In 2018, while investigating an aide to then-Rep. Mark Meadows of North Carolina for allegations he harassed female staffers, the committee wrote: “Members should never tolerate sexual harassment or any other discriminatory conduct in their offices, or give even the slightest impression that such conduct is acceptable in the congressional workplace.”

But these directives were buried deep in congressional reports, and they didn’t carry the weight of a law or rule. The House Ethics Committee declined to comment for this story.

Some outside groups are having conversations with lawmakers about what steps to take to change the anti-sexual harassment training.

Sarah Jane Higginbotham, the codirector and cofounder of the National Women’s Defense League, a nonpartisan organization dedicated to preventing sexual harassment in the workplace, told NOTUS the group recommends that training take place “with regularity,” that it be “accessible in multiple ways, whether that’s a combination of in person and/or virtual,” and that “there be teeth in the policy, that there be ramifications” for those who do not complete the training.

Higginbotham presented Maryland as an example of a state with mechanisms to promote participation in anti-harassment training.
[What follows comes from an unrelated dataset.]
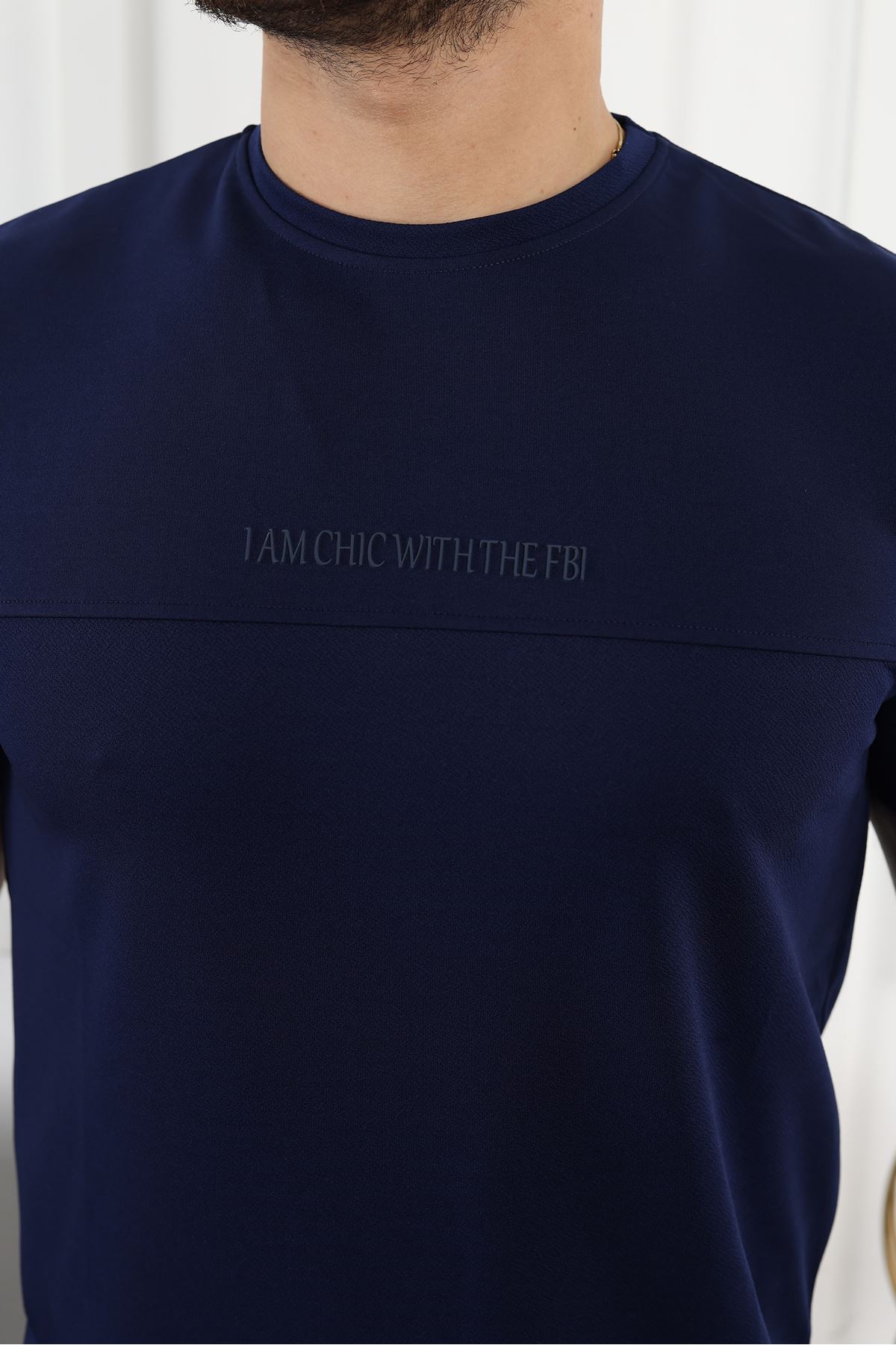 Şerit Detaylı Baskılı T-Shirt LACİVERT
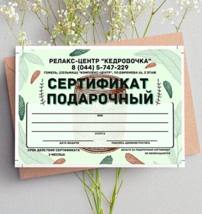 Указанная цена на Подарочный сертификат Кедровочка в Минске может отличаться от фактической. Если в описании или цене вы заметили неточность или ошибку, пожалуйста, сообщите нам на почту help@relax.by.

Maryland state lawmakers are required by law to complete anti-sexual harassment training every two years, and the state General Assembly publishes a list of lawmakers who did and did not complete the required training.

“Failure to take the training can result in a range of responses from counseling from the presiding officer to loss of some privileges, namely interns and paid staff,” Higginbotham added.

“There’s a lot that can be done that doesn’t exist, and I also think that all that needs to be done with a lens to the very unique workplace that Congress is and what makes it so challenging a place to address sexual harassment,” Higginbotham said. “State and federal governments should be doing a better job.”